また、3時間開催なのも、「できるだけ多くの参加者のみなさんとイベントの無事の終了を分かち合う」との事で、回りくどい表現だが、端的に言えば「販売時間長くしても皆早めに撤収するから意味が無い」という事か。

確かに、11時開催に慣れている一般のサークルさんから見れば、何故12時?と戸惑いを見せる事は間違いない。3時間の販売時間も、他即売会に比べれば確かに物足りないかもしれない。
だが、上記述べた理由により、それが即サークルの売り上げに影響するとは私は考えていない。
変わった開始時間である事は確かだが、それに目くじら立てるのほどの事も無かろう、と私は感じる。




【10月 books.tenjin.be開催に向けて】

10月のbooks.tenjin.beは、「北陸本専」同様の「同人誌オンリー」の即売会である。
ただ、ぶっちゃけ申し上げてtenjin.beは、サークルの殆どが、同人誌を頒布物としているサークル。一般参加者にしても、ラミカや便箋に手を出すには少し高めの年齢層だ。
同人誌オンリーと銘打った所で、参加サークルも一般参加者も変わらないと思う。
「同人誌オンリー」としての独自性を出しづらいのは辛い所だが、普段のtenjin.beと同じノリで考えれば良いので、参加者の心構えが普段と変わるわけではなく、安心して参加し易い、という見方も出来る。

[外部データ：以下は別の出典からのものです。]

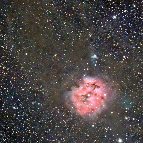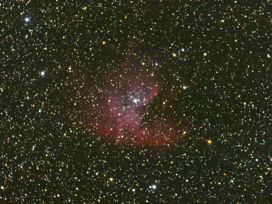 Aufgenommen mit ED-Apochromat 127/600 mm (Reducer), Canon EOS 60Da bei ISO 3200 und 32 s, Gesamtbelichtung = 51 min (96 Aufn. je 32 s).

この即売会、男性向けサークルの「濃ゆい」人達は、即売会との相性が良いらしくリピーターになりやすいと思う。
ぶっちゃけた話「放っておいても参加してくれる」人達。tenjin.beの基礎票・固定票的な存在だ。
問題は、比較的親和性の薄い女性向けの人達へのケアを如何にするか、それだけだと思う。告知に関しても、女性向け即売会への重点告知を図り、更なる女性サークルの開拓に努めるべきだと思うし、既存サークルのリピーター化についても熟慮頂きたいものである。
この即売会は、放っておけば男性向けの濃いメンツばっかが残る傾向にあるので、男女バランスの観点からすると、女性向けを重視するぐらいで丁度良いのかもしれない。

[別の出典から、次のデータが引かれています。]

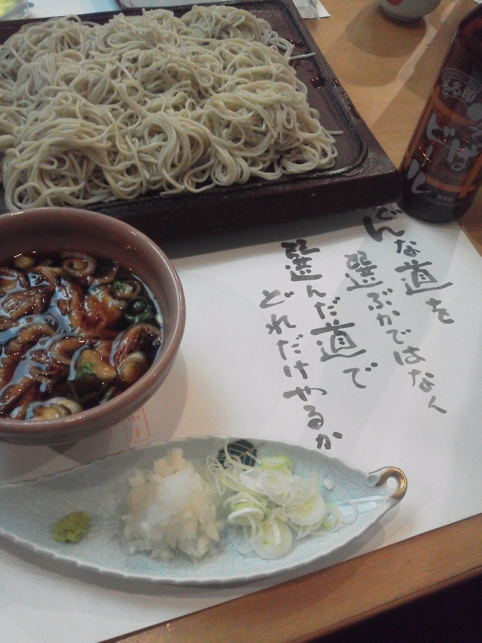 2.5人前の板そばを、それぞれ好みのつゆで食べました。桜海老のさくら汁やきざみ鴨汁などが選べます。わさびを使った3種のおつまみもおいしい!そして、カレーうどんでも有名なお店です。テーブルに敷いてある和紙のテーブルクロスに書かれた言葉も奥が深くて、ついつい毎回写真におさめてしまいます。横浜駅からだと少し距離がありますが、地下鉄ブルーラインの高島町駅、京急線の戸部駅からだと近い場所にあります。

無論、男性向け即売会での告知も重要だが、この日は男性向け最大級規模の即売会「サンシャインクリエイション」が東京で開催される。
東京開催とは言え、大阪より東のサークルは軒並みサンクリ行きと考えて差し支えあるまい。
男性向けサークルを前回・今回以上に伸ばす事は難しいと思われる。

従って、サークル数を確保する意味でも、男女のバランスを取る意味でも、【女性向け重視】の告知が望ましいもの、と私は考える。

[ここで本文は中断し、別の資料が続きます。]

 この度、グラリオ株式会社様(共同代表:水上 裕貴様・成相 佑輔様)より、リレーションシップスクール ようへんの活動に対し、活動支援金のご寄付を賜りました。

九州開催の夏以降の即売会スケジュールを見てみると、9月下旬に福岡ドームにて「コミックネットワーク」が開催される。
本来ならその後、11月頃に「コミックシティ福岡」が開催されるのが例年の流れなのだが、今回に関しては未だに開催発表が無い。プロ野球「クライマックスシリーズ」の絡みもあり日程が取り辛いのだろうが、もしかしたら11月開催を断念するかもしれない。そうなった場合、9月ネットワーク以後、九州北部の皆さんが参加出来る即売会となると、books.tenjin.be以外に存在しなくなる。
booksの次はもう冬コミだ。シティが中止になれば、booksの価値は相対的に高まろう
主催氏には、その点も頭に入れていただいて損は無いと思う。